Post by **caughtatwork** » 10 February 07 10:23 pm

Cached wrote:
An average (km/cache) and a median would be interesting.
The median should take care of the skewing of the figures by the frequent flyer cachers.
Can we have standard deviation as well?

Sheesh! I only just learnt what a median was.
What's a standard deviation?

Cached · Post by **Cached** » 10 February 07 10:53 pm

Standard Deviations are a really important statistical tool.

From wikipedia:

Another way of seeing it is to consider sports teams. In any set of categories, there will be teams that rate highly at some things and poorly at others. Chances are, the teams that lead in the standings will not show such disparity, but will be pretty good in most categories. The lower the standard deviation of their ratings in each category, the more balanced and consistent they might be.
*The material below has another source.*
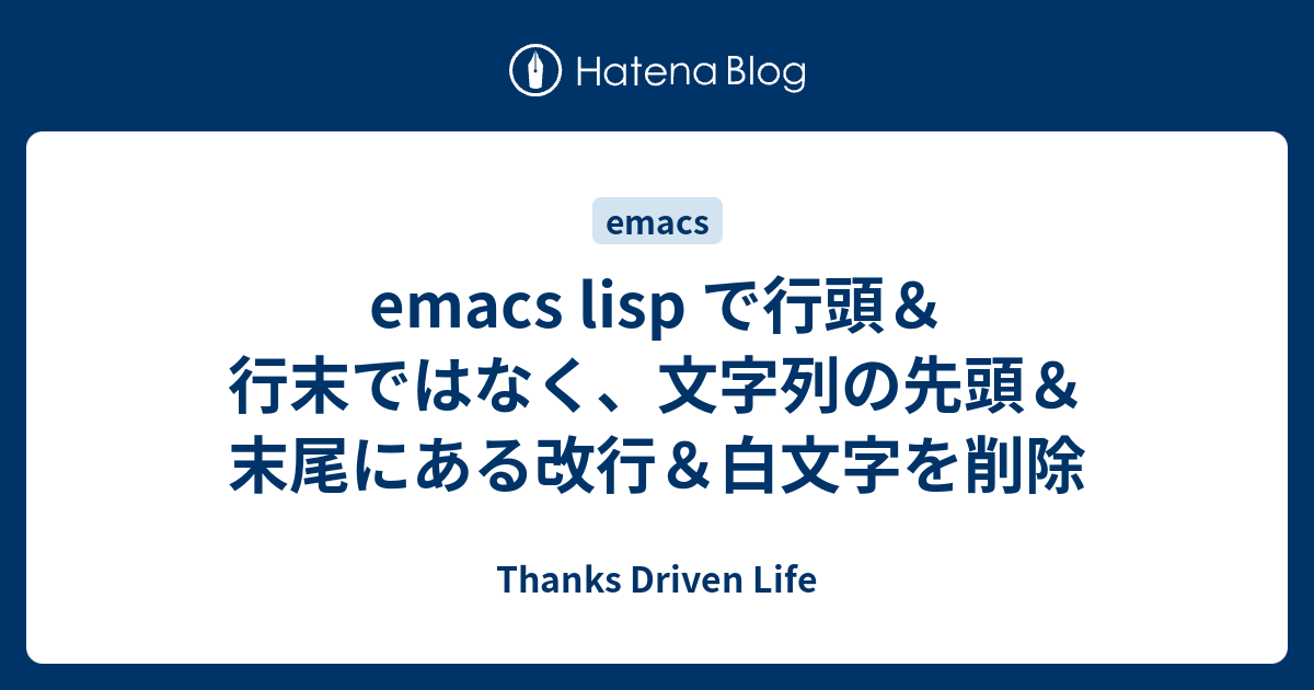 Emacs Lisp で行頭 行末ではなく 文字列の先頭 末尾にある改行 白文字を削除 Thanks Driven Life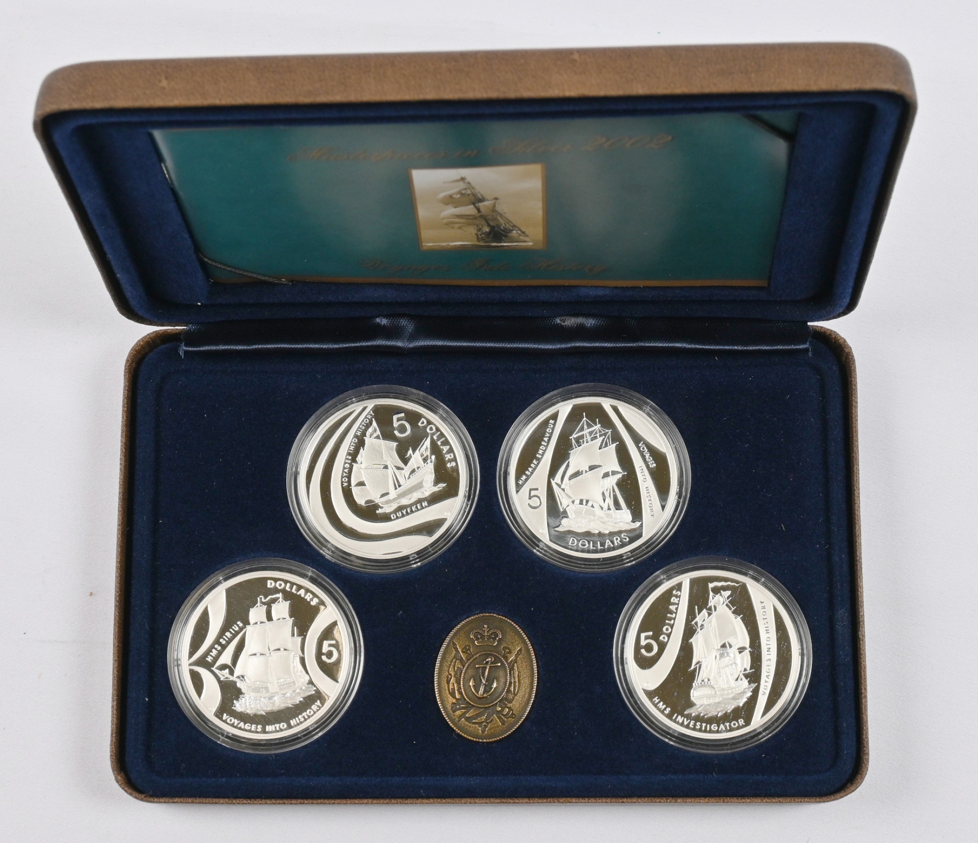 Australia 2002, ”Masterpieces in Silver”, neljä hienoa $5 hopeakolikkoa (á 36g - 0,999) hienossa rasiassa. Aitoustodistus.

So, a team that is consistently bad in most categories will have a low standard deviation indicating they will probably lose more often than win.

People with a large standard deviation (SD) do more long distance trips than those with a smaller SD - there is less variation in their distances.

Dark blue is less than one standard deviation from the mean. For the normal distribution, this accounts for 68.27% of the set; while two standard deviations from the mean (blue and brown) account for 95.45%; and three standard deviations (blue, brown and green) account for 99.73%.

If none of this makes any sense, I'll have another attempt tomorrow!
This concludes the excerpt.